Primary cardiac lymphoma is a rare disease with a high mortality rate due to the advanced stage of myocardial involvement at presentation. The diagnosis is extremely difficult to make because of the rarity of the disease, variability of clinical manifestations, limited noninvasive diagnostic techniques available, and difficulties and/or delays in the use of invasive measures. The incidence of the disease is increasing, especially among immunocompromised patients, with those suffering from acquired immunodeficiency syndrome accounting for the greatest increase. We report the case of an immunocompetent 76-year-old black woman who presented with near-syncopal episodes. Transthoracic echocardiogram revealed a right atrial mass. Surgical resection was performed, and a diagnosis of large B-cell non-Hodgkin's lymphoma was made. Primary cardiac lymphoma should be considered in any patient with a cardiac mass. Prompt diagnosis and treatment of primary cardiac lymphoma is imperative for survival.

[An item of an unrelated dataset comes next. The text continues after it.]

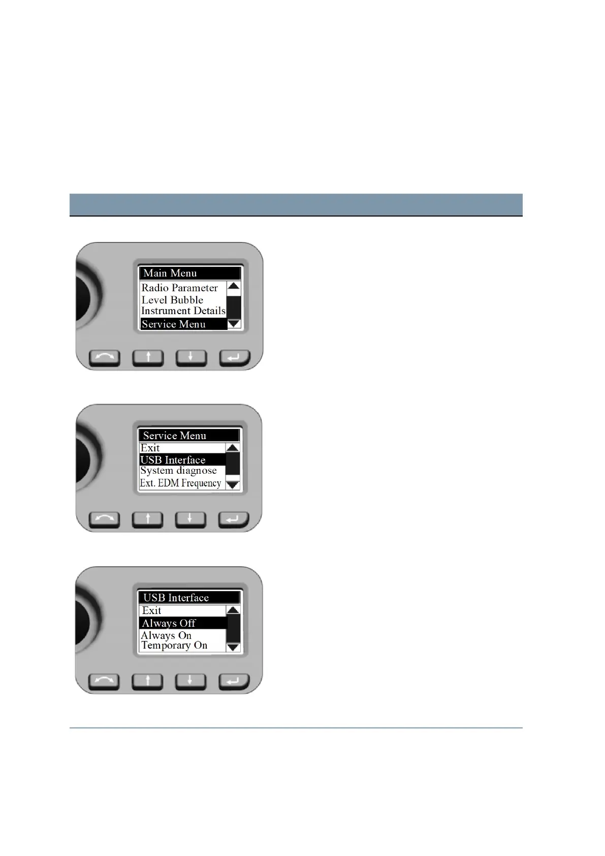 Service Menu - USB Interface Settings To select

原发性心脏淋巴瘤是一种罕见疾病,由于就诊时心肌受累处于晚期,死亡率很高。由于该疾病罕见、临床表现多样、可用的非侵入性诊断技术有限以及使用侵入性措施存在困难和/或延迟,因此诊断极为困难。该疾病的发病率正在上升,尤其是在免疫功能低下的患者中,获得性免疫缺陷综合征患者的发病率上升幅度最大。我们报告了一例76岁免疫功能正常的黑人女性病例,她出现了近乎晕厥的发作。经胸超声心动图显示右心房有肿块。进行了手术切除,诊断为大B细胞非霍奇金淋巴瘤。任何有心脏肿块的患者都应考虑原发性心脏淋巴瘤。原发性心脏淋巴瘤的及时诊断和治疗对生存至关重要。